▶ [Exercise instructions] All of the data, word for word and free of pictures, is the expected result.

▶ [Given data]

☆ ☆ ☆

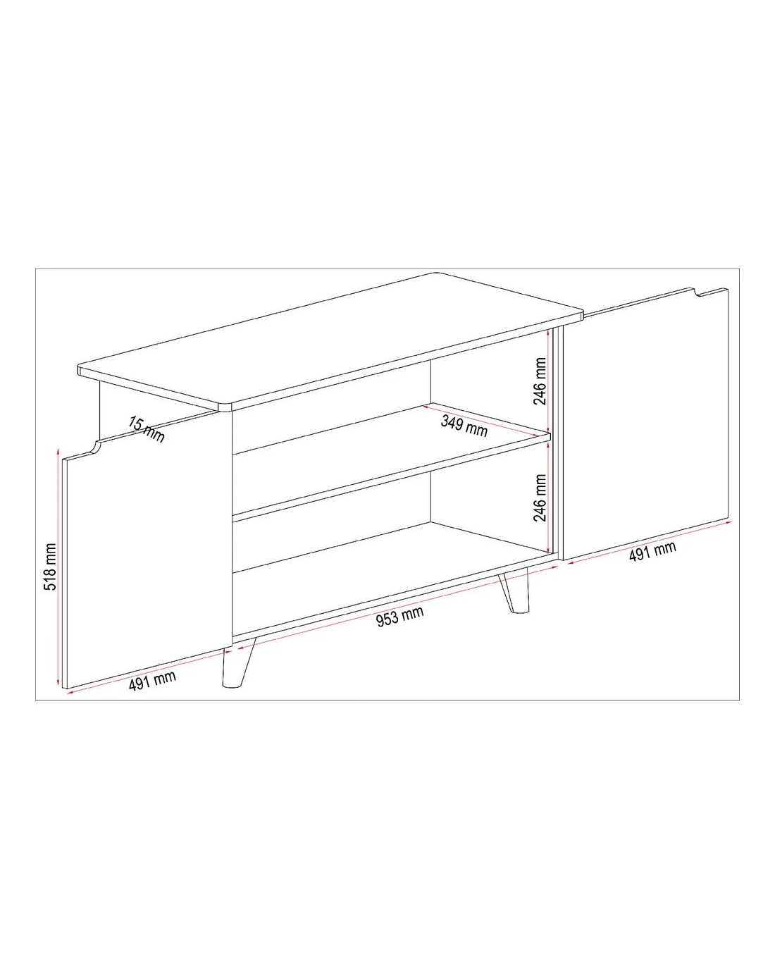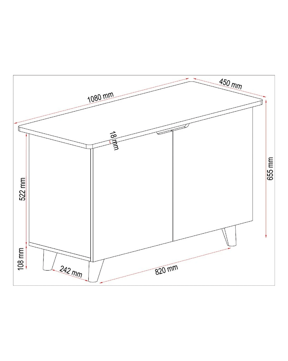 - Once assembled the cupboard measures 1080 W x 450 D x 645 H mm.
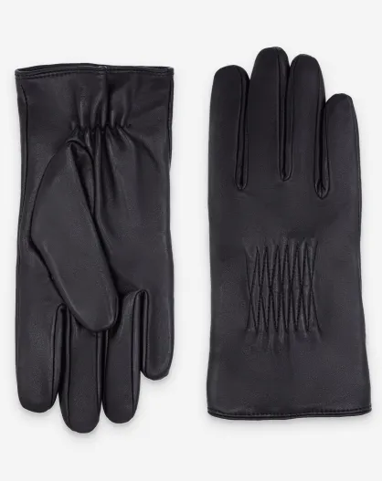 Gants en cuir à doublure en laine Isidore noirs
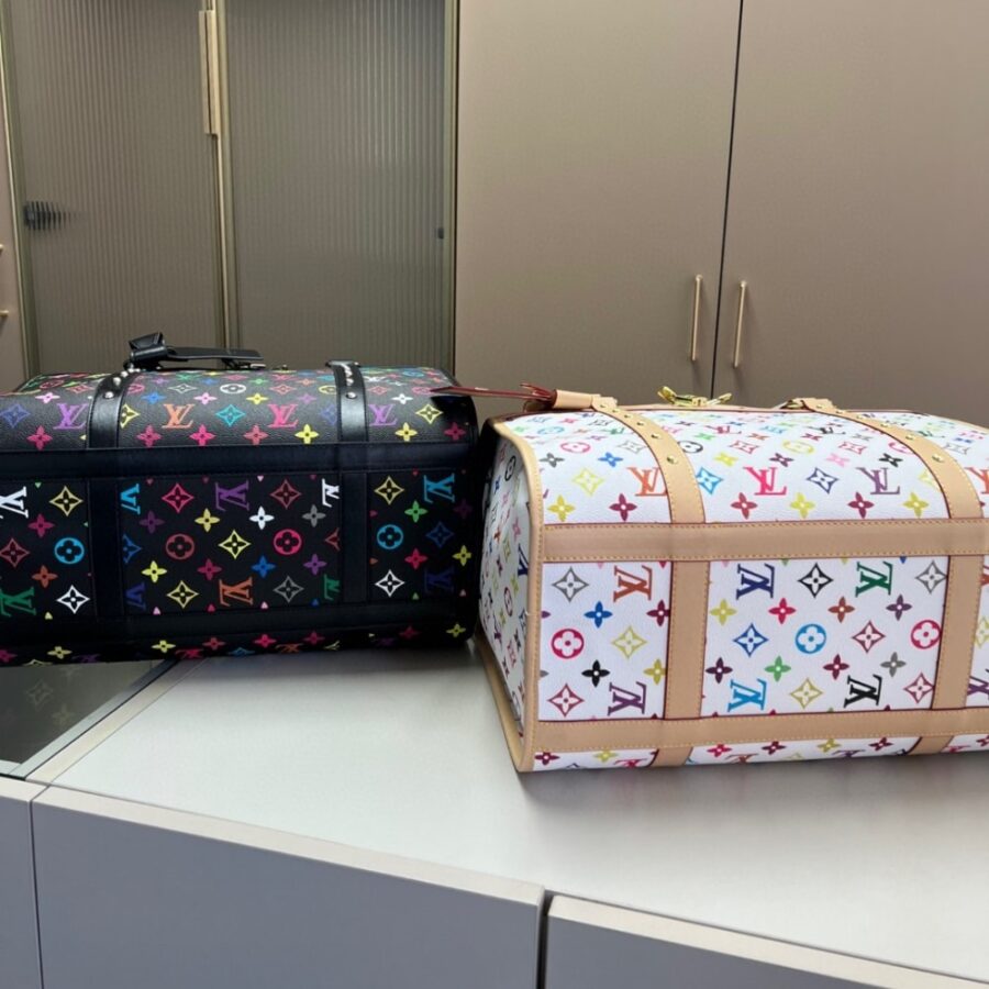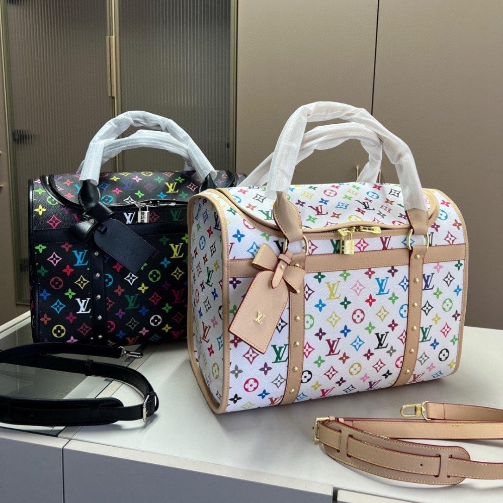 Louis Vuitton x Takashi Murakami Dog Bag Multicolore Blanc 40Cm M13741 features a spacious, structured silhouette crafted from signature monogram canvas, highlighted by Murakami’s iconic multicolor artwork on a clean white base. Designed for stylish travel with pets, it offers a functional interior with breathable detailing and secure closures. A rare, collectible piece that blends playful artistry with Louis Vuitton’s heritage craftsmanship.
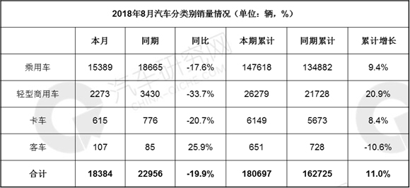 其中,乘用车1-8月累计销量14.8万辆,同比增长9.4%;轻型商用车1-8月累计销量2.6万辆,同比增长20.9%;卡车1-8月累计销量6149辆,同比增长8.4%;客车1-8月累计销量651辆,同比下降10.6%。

☆ ☆ ☆

▶ [Answer box]
 - Once assembled the cupboard measures 1080 W x 450 D x 645 H mm.
 Gants en cuir à doublure en laine Isidore noirs
 Louis Vuitton x Takashi Murakami Dog Bag Multicolore Blanc 40Cm M13741 features a spacious, structured silhouette crafted from signature monogram canvas, highlighted by Murakami’s iconic multicolor artwork on a clean white base. Designed for stylish travel with pets, it offers a functional interior with breathable detailing and secure closures. A rare, collectible piece that blends playful artistry with Louis Vuitton’s heritage craftsmanship.
 其中,乘用车1-8月累计销量14.8万辆,同比增长9.4%;轻型商用车1-8月累计销量2.6万辆,同比增长20.9%;卡车1-8月累计销量6149辆,同比增长8.4%;客车1-8月累计销量651辆,同比下降10.6%。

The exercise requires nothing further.